**Recorded data:**

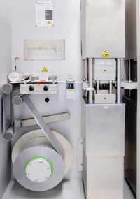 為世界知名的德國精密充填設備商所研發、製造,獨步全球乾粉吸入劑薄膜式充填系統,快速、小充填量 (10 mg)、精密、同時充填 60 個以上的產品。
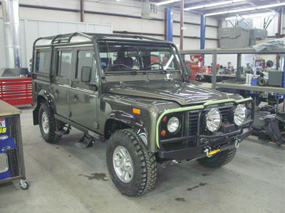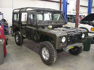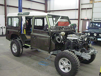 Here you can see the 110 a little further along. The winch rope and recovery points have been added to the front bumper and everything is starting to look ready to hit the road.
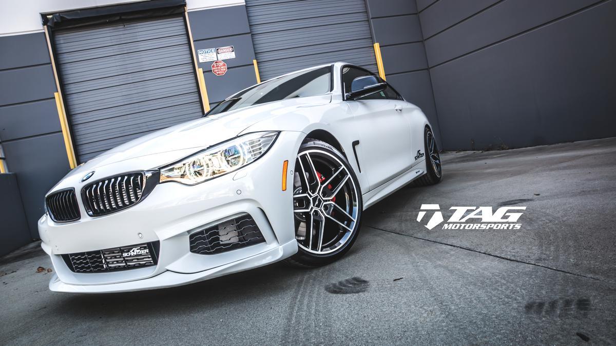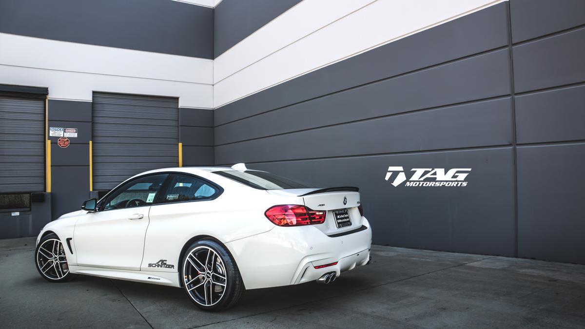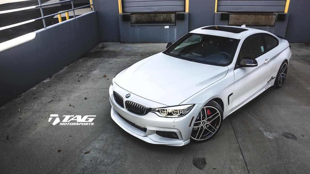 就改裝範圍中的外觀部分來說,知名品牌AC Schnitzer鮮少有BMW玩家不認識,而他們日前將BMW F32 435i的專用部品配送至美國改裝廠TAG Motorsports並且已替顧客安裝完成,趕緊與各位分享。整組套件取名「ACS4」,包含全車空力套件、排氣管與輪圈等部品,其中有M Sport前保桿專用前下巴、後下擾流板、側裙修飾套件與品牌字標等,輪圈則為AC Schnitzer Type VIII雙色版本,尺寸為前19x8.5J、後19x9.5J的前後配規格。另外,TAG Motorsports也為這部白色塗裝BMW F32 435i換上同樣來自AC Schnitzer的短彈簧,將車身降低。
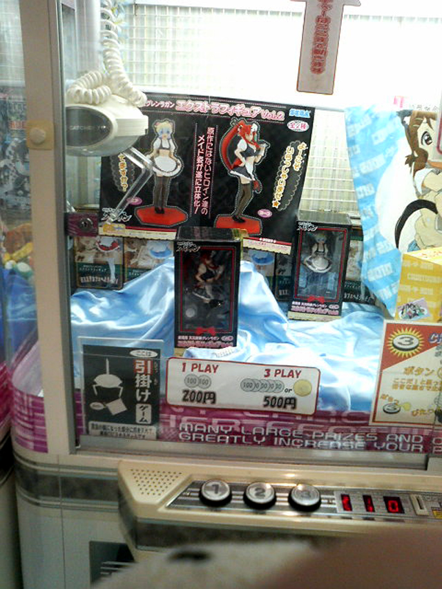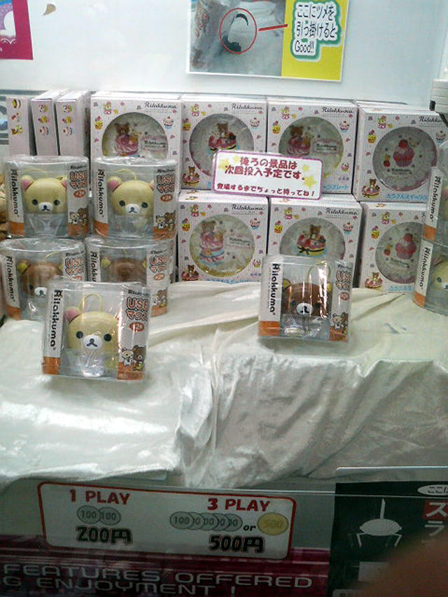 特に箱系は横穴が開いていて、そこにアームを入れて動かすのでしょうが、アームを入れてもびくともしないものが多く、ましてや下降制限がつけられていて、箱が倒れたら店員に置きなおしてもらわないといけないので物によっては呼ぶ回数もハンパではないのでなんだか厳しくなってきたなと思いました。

**Work to be completed:**
Your copy should start at the line with "Here you can", stop at the last line of the listing above, match exactly, and contain no pictures.

**Solution to the exercise:**
 Here you can see the 110 a little further along. The winch rope and recovery points have been added to the front bumper and everything is starting to look ready to hit the road.
 就改裝範圍中的外觀部分來說,知名品牌AC Schnitzer鮮少有BMW玩家不認識,而他們日前將BMW F32 435i的專用部品配送至美國改裝廠TAG Motorsports並且已替顧客安裝完成,趕緊與各位分享。整組套件取名「ACS4」,包含全車空力套件、排氣管與輪圈等部品,其中有M Sport前保桿專用前下巴、後下擾流板、側裙修飾套件與品牌字標等,輪圈則為AC Schnitzer Type VIII雙色版本,尺寸為前19x8.5J、後19x9.5J的前後配規格。另外,TAG Motorsports也為這部白色塗裝BMW F32 435i換上同樣來自AC Schnitzer的短彈簧,將車身降低。
 特に箱系は横穴が開いていて、そこにアームを入れて動かすのでしょうが、アームを入れてもびくともしないものが多く、ましてや下降制限がつけられていて、箱が倒れたら店員に置きなおしてもらわないといけないので物によっては呼ぶ回数もハンパではないのでなんだか厳しくなってきたなと思いました。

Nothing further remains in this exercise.